→ **Records to process**:

-- -- --

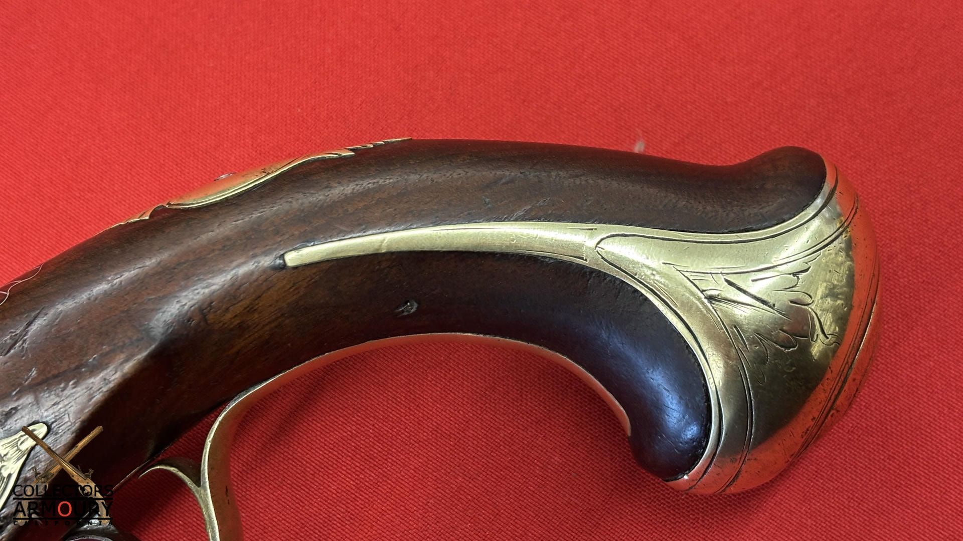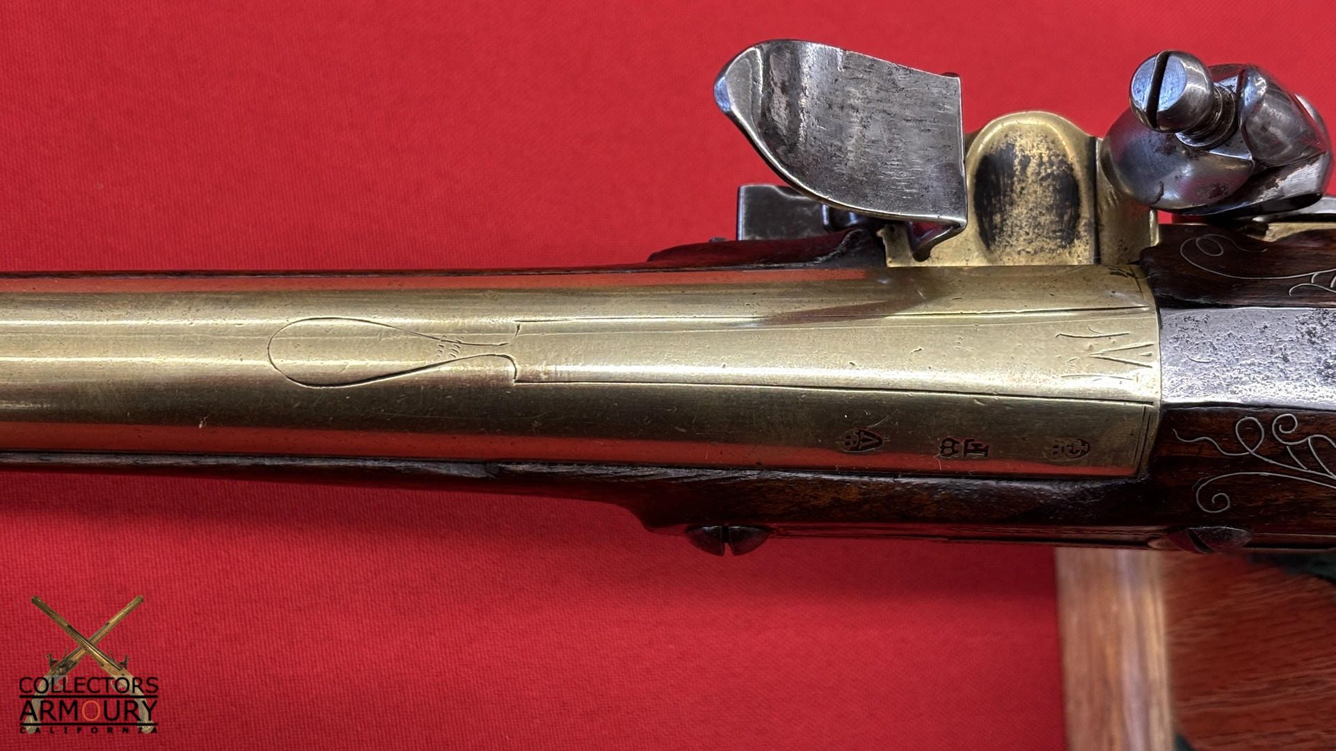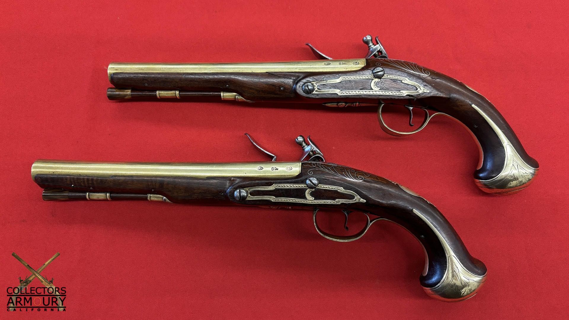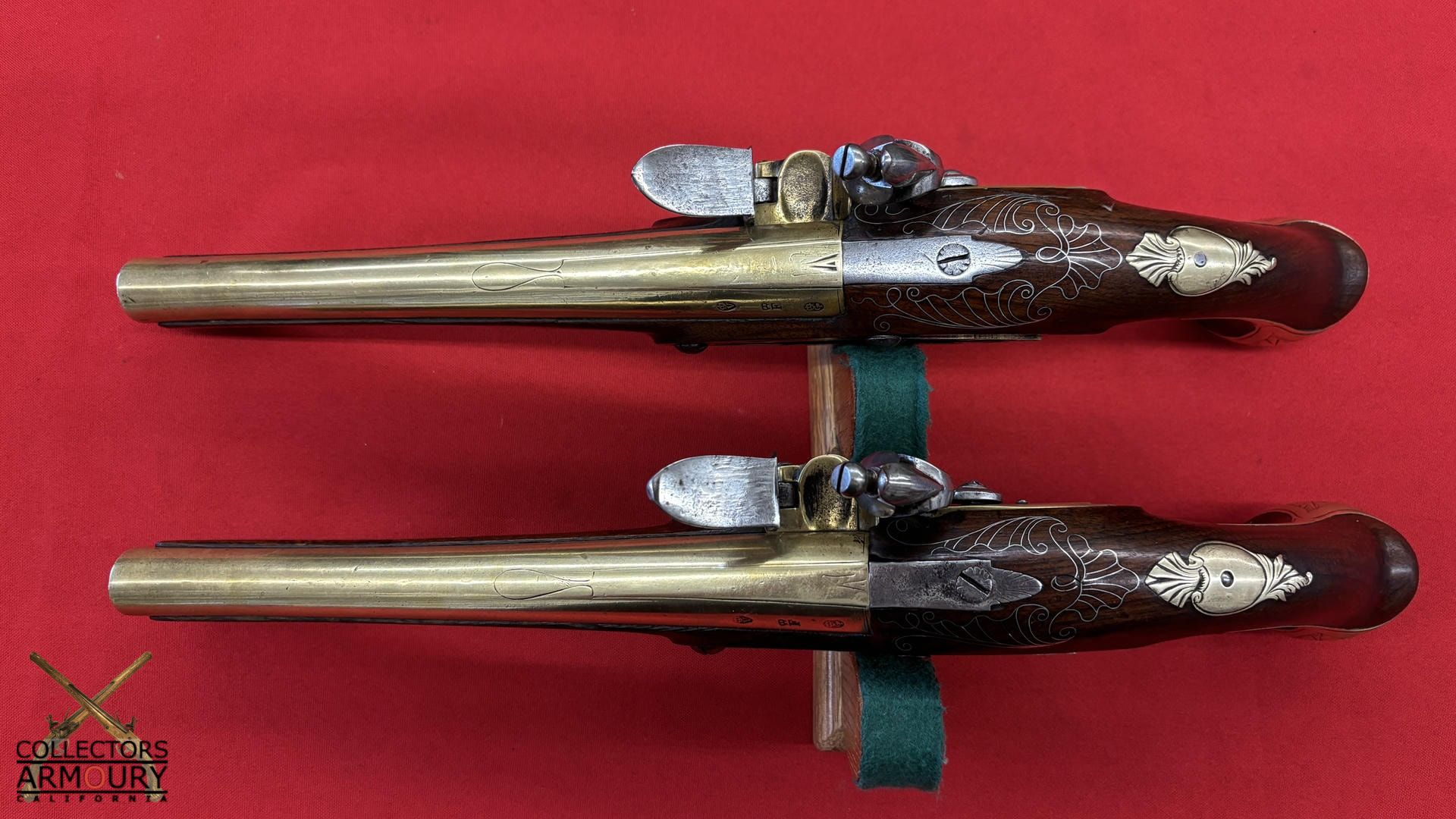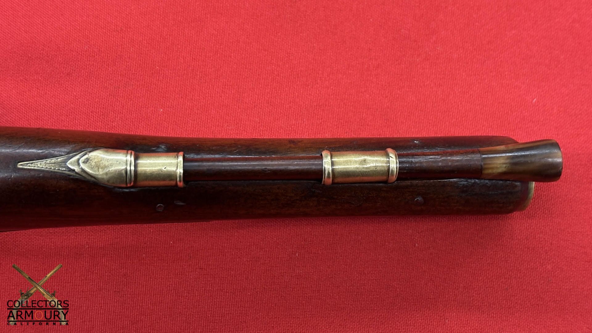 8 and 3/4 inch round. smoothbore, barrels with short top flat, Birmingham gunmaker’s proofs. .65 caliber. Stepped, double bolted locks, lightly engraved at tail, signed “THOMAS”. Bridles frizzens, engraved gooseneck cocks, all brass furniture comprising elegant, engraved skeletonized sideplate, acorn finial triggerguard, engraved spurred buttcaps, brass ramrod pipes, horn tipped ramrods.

-- -- --

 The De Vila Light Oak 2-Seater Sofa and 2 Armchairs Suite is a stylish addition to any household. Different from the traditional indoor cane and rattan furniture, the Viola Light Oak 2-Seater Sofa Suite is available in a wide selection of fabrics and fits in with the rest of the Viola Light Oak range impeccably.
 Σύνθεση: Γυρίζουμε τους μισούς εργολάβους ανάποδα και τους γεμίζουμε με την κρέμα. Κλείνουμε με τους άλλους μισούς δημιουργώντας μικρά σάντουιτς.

-- -- --

→ **Exercise**: Please give again the lines above between the line holding "The De Vila" and the line holding "Σύνθεση: Γυρίζουμε τους", inclusive, exactly as they are and with nothing added.

→ **Task response**:
 The De Vila Light Oak 2-Seater Sofa and 2 Armchairs Suite is a stylish addition to any household. Different from the traditional indoor cane and rattan furniture, the Viola Light Oak 2-Seater Sofa Suite is available in a wide selection of fabrics and fits in with the rest of the Viola Light Oak range impeccably.
 Σύνθεση: Γυρίζουμε τους μισούς εργολάβους ανάποδα και τους γεμίζουμε με την κρέμα. Κλείνουμε με τους άλλους μισούς δημιουργώντας μικρά σάντουιτς.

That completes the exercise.